第六十一夜:Nikon(ニコン)のウエアラブルデバイスの特許がヤバい

エンジニアの嗜みさんで、「Nikon 芳香剤を放出するスマートウォッチの特許」という記事を発見し、さっそく特許庁データベースにすっ飛んでみました。

以下、特許の要約です。ここだけ読むと「ニコンと芳香剤」が繋がりません(苦笑)腕時計から芳香剤?誰得?

【要約】 (修正有)
【課題】
 ユーザが身に付けた際に自動で芳香剤を放出することができる
 ウエアラブルデバイスの提供。
【解決手段】
 交換可能な薬剤カートリッジ21を収納するカートリッジ差込部22と、
カートリッジ差込部22に挿入された薬剤カートリッジ21の薬剤、
すなわち芳香剤またはデオドラント剤を加熱するヒータ13と、
装着検出部としての感圧スイッチ15と、感圧スイッチ15が
圧力を検出することによりユーザの腕の装着された判断すると
ヒータ13に加熱を開始させる制御部11と、を備える腕時計10。
感圧スイッチ15は当該腕時計10をユーザが装着した際に
ユーザの肌と接触する箇所に設けられている腕時計10。

「ユーザーが装着したことを感知して自動で芳香剤を放出する」とありますね。

カートリッジ式の芳香剤がセットできるようです。下の図では、バニラ、ラベンダー、ローズ、消臭となっています。一体なんのために匂いを放出するのでしょうか。

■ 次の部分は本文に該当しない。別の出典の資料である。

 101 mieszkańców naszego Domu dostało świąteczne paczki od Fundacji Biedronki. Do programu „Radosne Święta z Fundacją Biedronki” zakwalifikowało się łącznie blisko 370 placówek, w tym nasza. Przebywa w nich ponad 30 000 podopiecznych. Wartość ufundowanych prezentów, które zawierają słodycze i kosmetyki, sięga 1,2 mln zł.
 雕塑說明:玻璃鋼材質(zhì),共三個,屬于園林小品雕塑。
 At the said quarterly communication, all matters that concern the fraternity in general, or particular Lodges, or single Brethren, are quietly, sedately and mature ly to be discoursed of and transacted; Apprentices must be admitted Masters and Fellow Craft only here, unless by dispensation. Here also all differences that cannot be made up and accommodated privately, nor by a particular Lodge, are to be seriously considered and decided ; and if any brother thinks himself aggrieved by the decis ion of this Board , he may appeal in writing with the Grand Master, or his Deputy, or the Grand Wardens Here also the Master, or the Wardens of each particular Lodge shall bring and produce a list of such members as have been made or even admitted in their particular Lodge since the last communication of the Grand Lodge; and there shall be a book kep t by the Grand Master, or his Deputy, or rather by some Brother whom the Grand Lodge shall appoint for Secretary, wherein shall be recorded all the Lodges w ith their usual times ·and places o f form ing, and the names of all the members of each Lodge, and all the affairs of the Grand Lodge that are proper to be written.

SnapCrab_No-0001 JPA_427228943_00000313のヒーターとか、14のファンモーターが気になりますが、要は、ヒーターで薬剤カートリッジの芳香剤を温めて気化させ、放出するようです。ここでいう「薬剤カートリッジ」とは、液体の芳香剤またはデオドラント剤を染み込ませた繊維質の物質、たとえば、ガーゼとか何かそういったものですね。

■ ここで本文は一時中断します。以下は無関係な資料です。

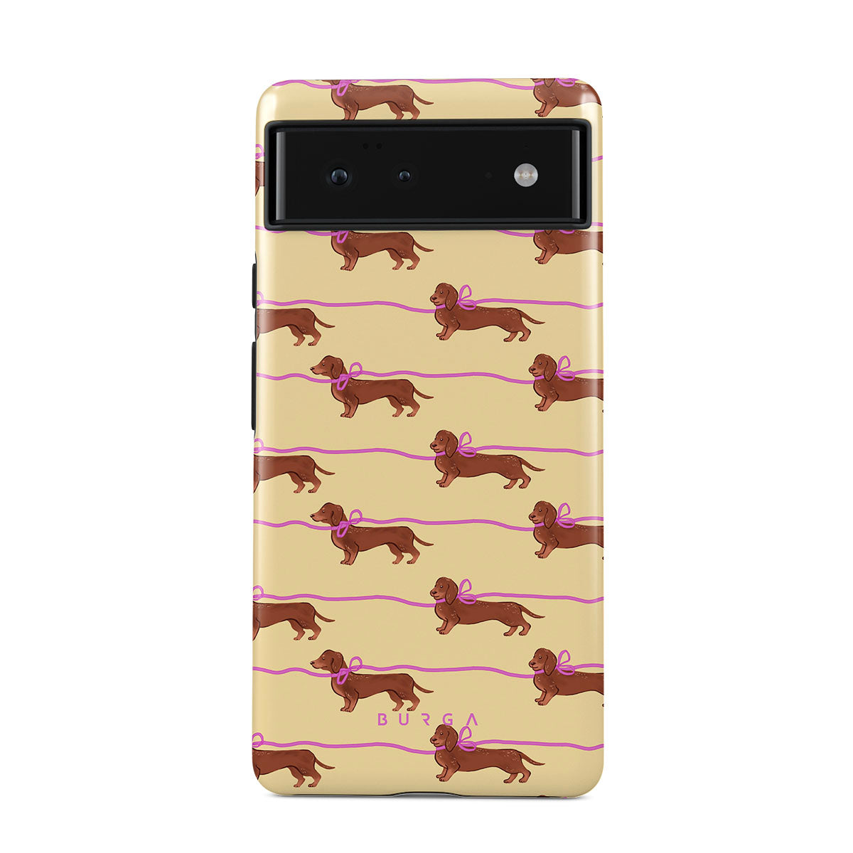 En este diseño: dachshunds con moños rosas, perritos adorables.
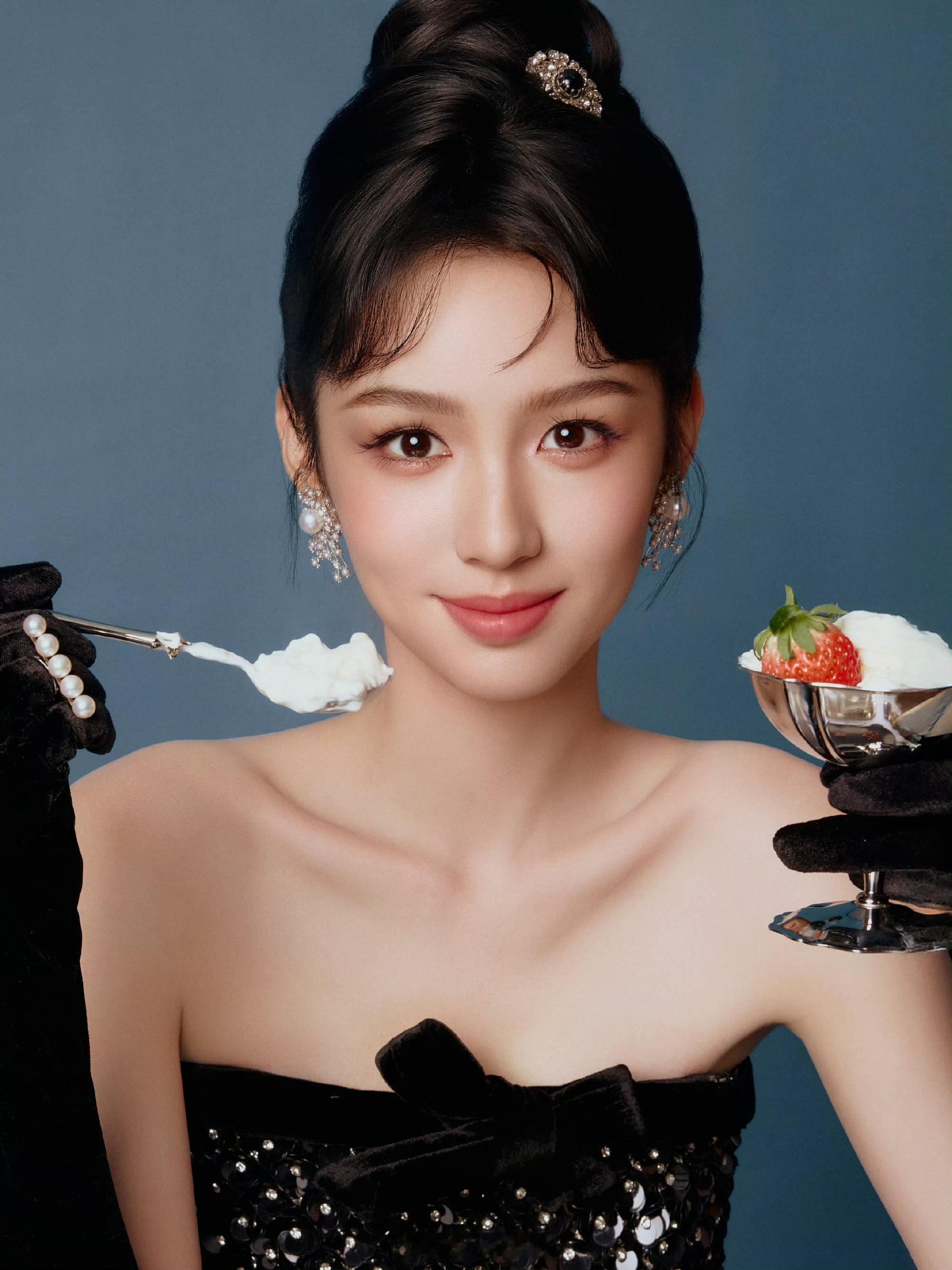 黑色碎钻抹胸裙闪耀迷人——周也。每日明星美图分享

「16撮影部」ということはやはり、カメラの機能があるということですよね。もう少しみてみます。

図7は、設定情報27の一例を示している。項目A1により、感圧スイッチが押されるとバニラの香りが放出され、項目A2により、スケジュールの開始時刻から所定の時間だけ前になると消臭成分が放出され、項目A3により、所定の条件に合致する顔を検出するとラベンダの香りが放出されることを示している。項目Bによりスケジュールの開始時刻から10分前にヒータ13に通電が開始され、項目Cにより20歳以上の女性が対象属性となっていることを示している。

SnapCrab_No-0002順序としては、

スイッチ入る→バニラの香り放出→予めスケジュールされた時刻から所定の時間(例えば5分前とか)になると消臭成分が放出→所定の条件にマッチする顔が検出されるとラベンダーの香りが放出。となります。

予め消臭成分を放出させる時間を設定しておけば(たとえばデートの前とか)、気化した芳香剤がユーザーの周りに浮遊して存在して消臭効果が得られるとか。

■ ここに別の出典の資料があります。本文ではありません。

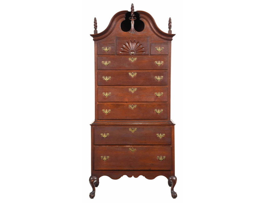 Having a closed bonnet with flame finials and a distinctive center plinth with a double scroll and a dropped, elongated shell. The central drawer with deeply carved lobed shell and two short drawers, above four graduated drawers, all flanked by reeded pilasters.
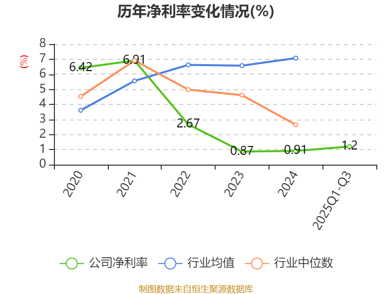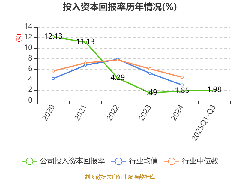 盈利能力方面, 2025年前三季度公司加权平均净资产收益率为2.34%,同比上升0.63个百分点。公司2025年前三季度投入资本回报率为1.98%,较上年同期上升0.29个百分点。

「所定の条件にマッチする顔」とありますが、項目Bをみると、開始時刻から10分前にヒータ13に通電が開始され、項目Cにより20歳以上の女性が対象属性となっていることがわかりますね。

「顔認識」をここで使ってくるとは(笑)面白い。Nikonらしいと言えばNikonらしいです。

【0012】
顔特徴量データベース28には、性別および年齢層別が明らかな膨大な数の顔画像から作成した、性別および年齢層ごとに分類された顔の特徴量のサンプルが保存される。そのため、性別および年齢層が未知の顔画像があった場合に、その顔画像から特徴量を算出し、顔特徴量データベース28に保存されている特徴量のサンプルと比較することにより、その性別と年齢層を推定できる。

このデバイスの需要とか、そういうのは考えていなんでしょうね。要は、これはフロントエンドで、バックエンドは他にあるのでは?!と期待してしまいます。実物が見てみたいですね。

第1の実施の形態において、ウエアラブルデバイスは腕時計の形状を有していたが、本発明はこれに限定されない。本発明に係るウエアラブルデバイスは、ユーザの身体に装着され、少なくとも当該ウエアラブルデバイスの一部が外部に露出していればよい。

難しく書いてありますが、要するに、デバイスの一部が外に出ていればよいので、ブレスレットやネックレスでもいいし、メガネやヘアアクセサリーとか、帽子と一体になっていてもいいってことです。

そう考えると、いろいろアイデアは出てきそうですね。